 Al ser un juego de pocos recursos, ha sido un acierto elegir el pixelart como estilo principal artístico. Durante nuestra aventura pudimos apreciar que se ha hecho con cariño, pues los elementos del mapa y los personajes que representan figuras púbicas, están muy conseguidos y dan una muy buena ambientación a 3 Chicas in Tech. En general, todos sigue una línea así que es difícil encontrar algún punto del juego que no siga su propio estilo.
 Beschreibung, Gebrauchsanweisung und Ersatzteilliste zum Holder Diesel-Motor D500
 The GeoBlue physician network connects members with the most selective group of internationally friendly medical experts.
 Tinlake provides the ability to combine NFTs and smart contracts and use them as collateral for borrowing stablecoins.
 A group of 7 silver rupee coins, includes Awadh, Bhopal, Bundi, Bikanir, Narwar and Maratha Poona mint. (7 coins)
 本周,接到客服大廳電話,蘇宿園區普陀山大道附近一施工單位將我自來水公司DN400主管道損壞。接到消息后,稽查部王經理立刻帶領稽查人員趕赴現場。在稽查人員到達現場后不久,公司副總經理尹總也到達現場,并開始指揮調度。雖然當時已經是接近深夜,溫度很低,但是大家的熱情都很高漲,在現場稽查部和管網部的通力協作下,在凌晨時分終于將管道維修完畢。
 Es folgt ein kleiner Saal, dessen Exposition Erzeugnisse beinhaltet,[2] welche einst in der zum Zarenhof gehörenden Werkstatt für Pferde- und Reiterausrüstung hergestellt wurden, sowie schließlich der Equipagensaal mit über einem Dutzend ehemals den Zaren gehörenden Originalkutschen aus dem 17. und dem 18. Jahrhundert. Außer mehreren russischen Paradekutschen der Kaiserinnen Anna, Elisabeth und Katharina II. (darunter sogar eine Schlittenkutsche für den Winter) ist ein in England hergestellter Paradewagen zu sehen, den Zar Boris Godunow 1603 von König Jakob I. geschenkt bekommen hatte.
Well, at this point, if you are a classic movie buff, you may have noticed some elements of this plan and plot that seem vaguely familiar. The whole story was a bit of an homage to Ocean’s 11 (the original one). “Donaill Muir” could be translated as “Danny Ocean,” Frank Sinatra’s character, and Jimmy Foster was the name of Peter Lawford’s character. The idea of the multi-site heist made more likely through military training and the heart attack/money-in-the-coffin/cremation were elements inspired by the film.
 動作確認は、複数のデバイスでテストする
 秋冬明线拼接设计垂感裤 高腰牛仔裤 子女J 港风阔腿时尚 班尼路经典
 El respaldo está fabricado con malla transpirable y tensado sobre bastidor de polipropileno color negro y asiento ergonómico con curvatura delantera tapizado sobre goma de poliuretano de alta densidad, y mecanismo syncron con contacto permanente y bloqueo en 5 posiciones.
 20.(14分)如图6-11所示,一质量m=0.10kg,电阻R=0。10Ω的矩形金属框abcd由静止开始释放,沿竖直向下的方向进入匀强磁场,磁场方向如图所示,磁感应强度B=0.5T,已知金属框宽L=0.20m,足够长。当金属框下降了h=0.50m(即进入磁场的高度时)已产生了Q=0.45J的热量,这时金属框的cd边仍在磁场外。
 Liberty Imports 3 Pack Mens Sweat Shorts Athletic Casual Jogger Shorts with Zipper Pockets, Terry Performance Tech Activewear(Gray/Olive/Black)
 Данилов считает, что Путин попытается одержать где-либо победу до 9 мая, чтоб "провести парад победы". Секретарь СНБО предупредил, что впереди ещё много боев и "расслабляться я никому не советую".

* * *

**WHAT YOU NEED TO DO:**
Copy out every record exactly.

**SOLUTION:**
 Al ser un juego de pocos recursos, ha sido un acierto elegir el pixelart como estilo principal artístico. Durante nuestra aventura pudimos apreciar que se ha hecho con cariño, pues los elementos del mapa y los personajes que representan figuras púbicas, están muy conseguidos y dan una muy buena ambientación a 3 Chicas in Tech. En general, todos sigue una línea así que es difícil encontrar algún punto del juego que no siga su propio estilo.
 Beschreibung, Gebrauchsanweisung und Ersatzteilliste zum Holder Diesel-Motor D500
 The GeoBlue physician network connects members with the most selective group of internationally friendly medical experts.
 Tinlake provides the ability to combine NFTs and smart contracts and use them as collateral for borrowing stablecoins.
 A group of 7 silver rupee coins, includes Awadh, Bhopal, Bundi, Bikanir, Narwar and Maratha Poona mint. (7 coins)
 本周,接到客服大廳電話,蘇宿園區普陀山大道附近一施工單位將我自來水公司DN400主管道損壞。接到消息后,稽查部王經理立刻帶領稽查人員趕赴現場。在稽查人員到達現場后不久,公司副總經理尹總也到達現場,并開始指揮調度。雖然當時已經是接近深夜,溫度很低,但是大家的熱情都很高漲,在現場稽查部和管網部的通力協作下,在凌晨時分終于將管道維修完畢。
 Es folgt ein kleiner Saal, dessen Exposition Erzeugnisse beinhaltet,[2] welche einst in der zum Zarenhof gehörenden Werkstatt für Pferde- und Reiterausrüstung hergestellt wurden, sowie schließlich der Equipagensaal mit über einem Dutzend ehemals den Zaren gehörenden Originalkutschen aus dem 17. und dem 18. Jahrhundert. Außer mehreren russischen Paradekutschen der Kaiserinnen Anna, Elisabeth und Katharina II. (darunter sogar eine Schlittenkutsche für den Winter) ist ein in England hergestellter Paradewagen zu sehen, den Zar Boris Godunow 1603 von König Jakob I. geschenkt bekommen hatte.
Well, at this point, if you are a classic movie buff, you may have noticed some elements of this plan and plot that seem vaguely familiar. The whole story was a bit of an homage to Ocean’s 11 (the original one). “Donaill Muir” could be translated as “Danny Ocean,” Frank Sinatra’s character, and Jimmy Foster was the name of Peter Lawford’s character. The idea of the multi-site heist made more likely through military training and the heart attack/money-in-the-coffin/cremation were elements inspired by the film.
 動作確認は、複数のデバイスでテストする
 秋冬明线拼接设计垂感裤 高腰牛仔裤 子女J 港风阔腿时尚 班尼路经典
 El respaldo está fabricado con malla transpirable y tensado sobre bastidor de polipropileno color negro y asiento ergonómico con curvatura delantera tapizado sobre goma de poliuretano de alta densidad, y mecanismo syncron con contacto permanente y bloqueo en 5 posiciones.
 20.(14分)如图6-11所示,一质量m=0.10kg,电阻R=0。10Ω的矩形金属框abcd由静止开始释放,沿竖直向下的方向进入匀强磁场,磁场方向如图所示,磁感应强度B=0.5T,已知金属框宽L=0.20m,足够长。当金属框下降了h=0.50m(即进入磁场的高度时)已产生了Q=0.45J的热量,这时金属框的cd边仍在磁场外。
 Liberty Imports 3 Pack Mens Sweat Shorts Athletic Casual Jogger Shorts with Zipper Pockets, Terry Performance Tech Activewear(Gray/Olive/Black)
 Данилов считает, что Путин попытается одержать где-либо победу до 9 мая, чтоб "провести парад победы". Секретарь СНБО предупредил, что впереди ещё много боев и "расслабляться я никому не советую".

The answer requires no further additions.